Jakarta, JurnalBabel.com – Anggota Komisi II DPR, Aminurokhman, mendukung pemerintah mewacanakan pembentukan pengadilan khusus tanah untuk menyelesaikan sengketa pertanahan dan pemberantasan mafia tanah.
Pasalnya, kata dia, penyelesaian sengketa tanah selama ini di pengadilan umum atau pengadilan tata usaha negara belum memuaskan berbagai pihak yang berperkara masalah tanah, dan utama belum memenuhi rasa keadilan di masyarakat.
Selain itu, lanjutnya, penyelesaian sengketa tanah selama ini juga membutuhkan biaya tidak murah serta proses yang berbelit-belit memakan waktu cukup lama.
“Perlu kita dukung wacana ini agar bisa terwujud penyelesaian sengketa tanah yang cepat, biaya murah dan bisa representasikan harapan yang bersengketa,” kata Aminurokhman.
Lebih lanjut Anggota Panitia Kerja (Panja) Pemberantasan Mafia Tanah Komisi II DPR ini mengungkapkan wacana pembentukan pengadilan tanah ini sudah lama disuarakan oleh Komisi II DPR dan pemerintah mengatensinya.
Wacana ini pun, kata dia, juga sudah mengemuka dalam pembahasan Rancangan Undang-Undang tentang Perubahan atas Undang-Undang Nomor 5 Tahun 1960 tentang Pertahanan (RUU Pertanahan), yang sudah lama mangkrak pengesahannya di DPR dengan berbagai kendala.

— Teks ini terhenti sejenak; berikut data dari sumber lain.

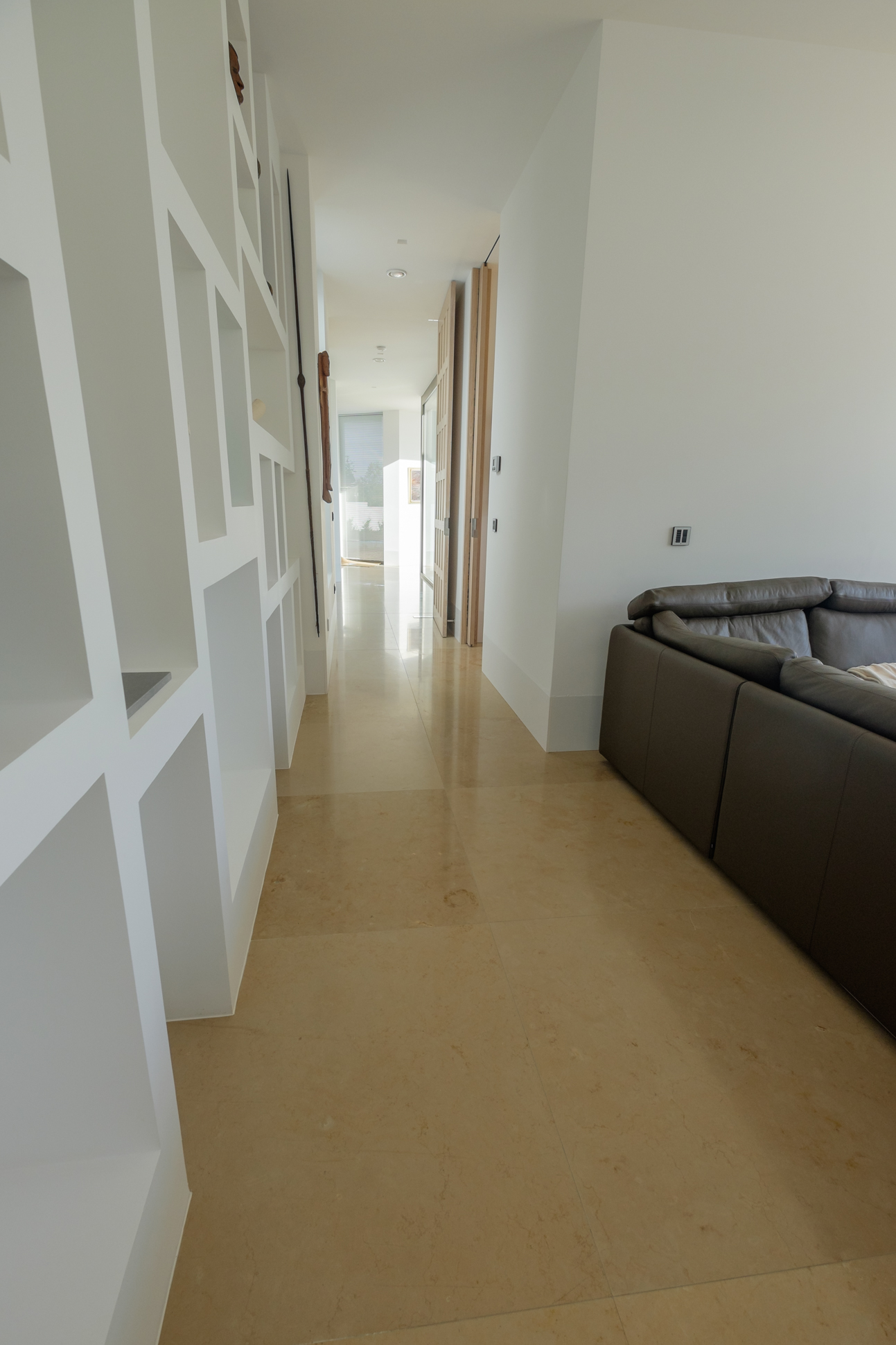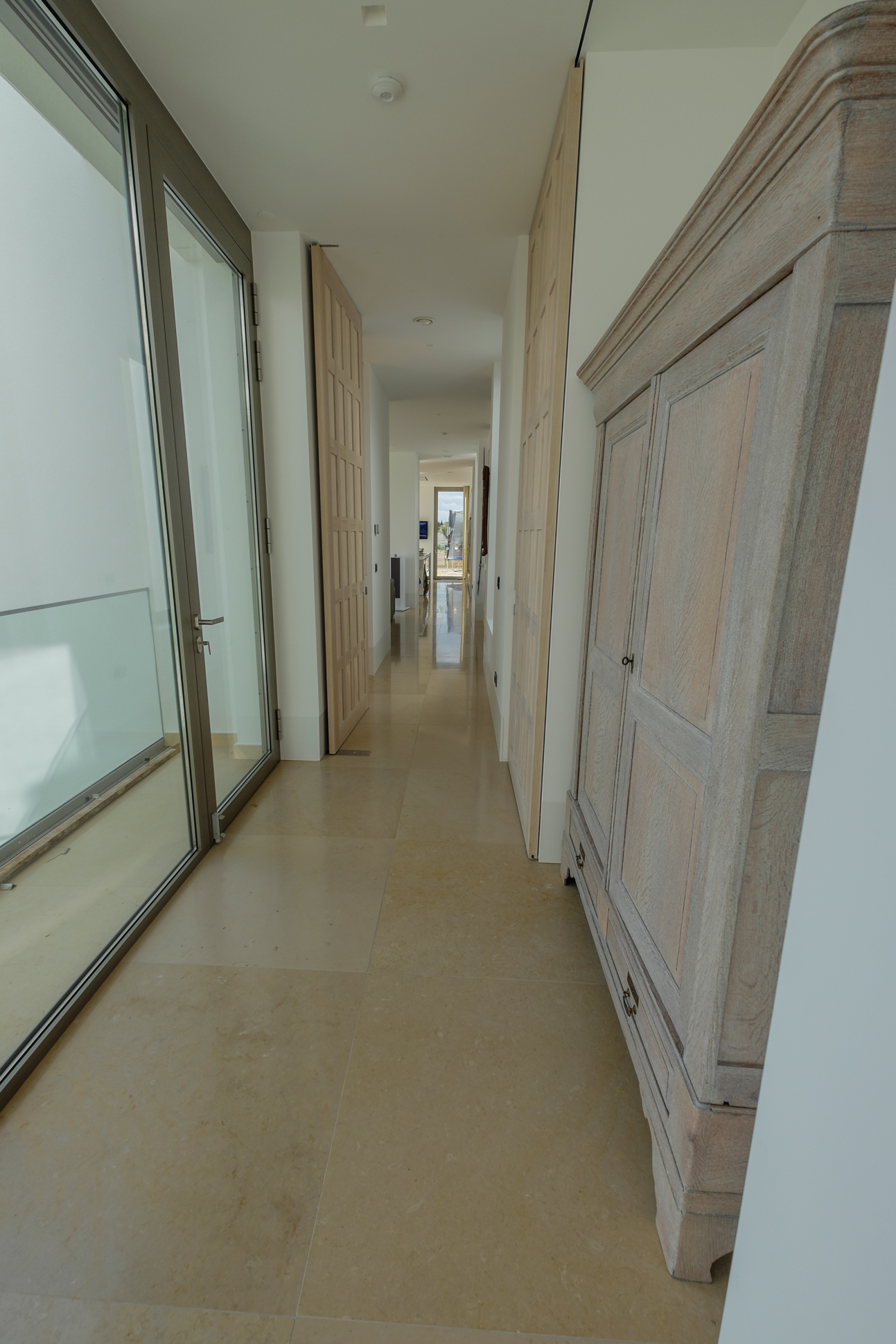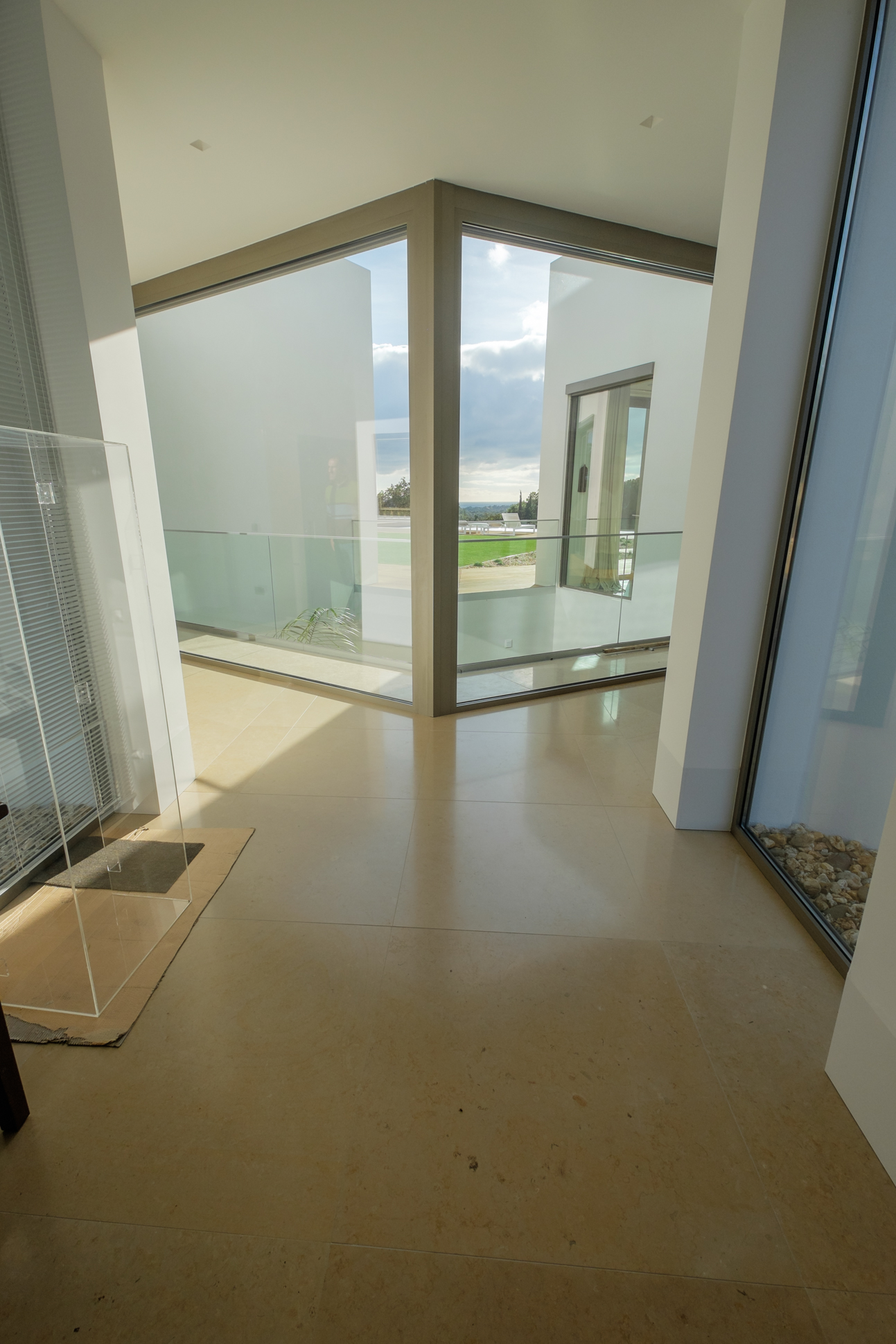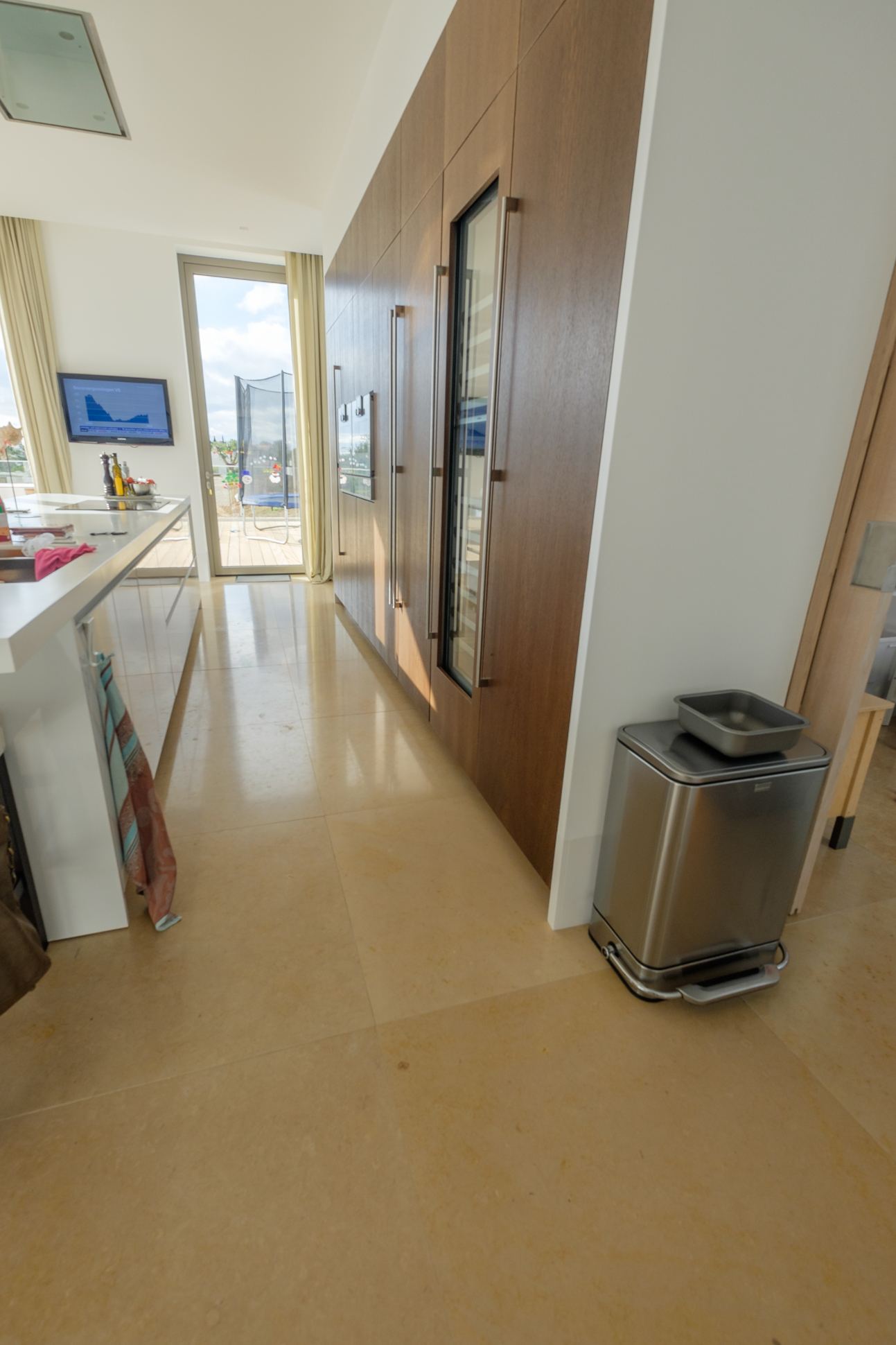 Ataija Coffee: a darker Ataija Cream. Limestone of high rigidity. For this project in the Algarve, we used flooring tiles of 900x900x20mm Honed finish.

Misalnya, berbagai hal terkait pengaturan pertanahan sudah diatur dalam Undang-Undang Nomor 11 Tahun 2020 tentang Cipta Kerja. Selain itu, berbagai point dalam RUU Pertanahan mendapatkan penolakan dari masyarakat dan RUU ini belum masuk dalam program legislasi nasional (prolegnas) prioritas 2023.
Sebab itu, Anggota Badan Legislasi (Baleg) DPR ini berpandangan wacana pembentukan pengadilan khusus tanah oleh pemerintah ini jadi momentum untuk merevisi UU Pertanahan, dan segera disahkan menjadi UU.
“Dalam RUU Pertanahan, wacana ini sudah mengemuka. Jadi momentumnya ada saat ini untuk merevisi UU Pertanahan yang nantinya pengadilan khusus tanah ini dimasukkan dalam UU itu,” ungkapnya kepada jurnalbabel.com, Sabtu (21/1/2023).
Selain itu, politisi Partai NasDem ini mengatakan pemerintah bisa juga mengeluarkan Peraturan Pemerintah Pengganti Undang-Undang (Perppu) tentang Pertanahan untuk mengakomodir wacana ini dengan cepat.
Revisi dan penerbitan Perppu Pertanahan ini nantinya juga bisa menyelesaikan sengketa antar kementerian/lembaga dalam menangani masalah pertanahan yang selama ini terjadi.
“Jika dirasa perlu, bisa saja pemerintah keluarkan Perppu Pertanahan,” pungkas mantan Wali Kota Pasuruan ini.
Sebelumnya, Menteri Koordinator Bidang Politik, Hukum, dan Keamanan (Menko Polhukam) Mahfud MD mengatakan pihaknya akan berkonsultasi dengan Mahkamah Agung (MA) perihal wacana pembentukan Pengadilan Tanah untuk penyelesaian sengketa pertanahan dan pemberantasan mafia tanah.
Pasalnya, menurut Mahfud perlu diperjelas masuk ke mana pengadilan tanah tersebut dalam lingkungan peradilan.
Demikian ia menjelaskan kepada awak media selepas memimpin rapat lintas kementerian/lembaga dan perwakilan tokoh masyarakat terkait sengketa pertanahan dan mafia tanah di Kantor Kemenko Polhukam, Jakarta, Kamis (19/1/2023).
“Tentu kita akan bicara dengan Mahkamah Agung, karena pengadilan itu sudah ada pakem nya. Kalau pengadilan tanah masuk ke PTUN, apa ke perdata, atau ke umum, nanti kita bicarakan,” kata Mahfud.
Setelah berbicara dengan MA, pemerintah bisa menentukan dasar regulasi pembentukan Pengadilan Tanah, misalnya, berbentuk Peraturan Pemerintah Pengganti Undang-Undang (Perppu) atau langsung Undang-Undang (UU).
“Nanti lah kalau soal Perppu, itu nanti. Kita bicara dulu dengan Mahkamah Agung. Yang penting kita bicara dulu, wujudnya kayak apa, lalu bajunya nanti apakah Perppu atau Undang-undang, kita nanti lihat,” ucapnya.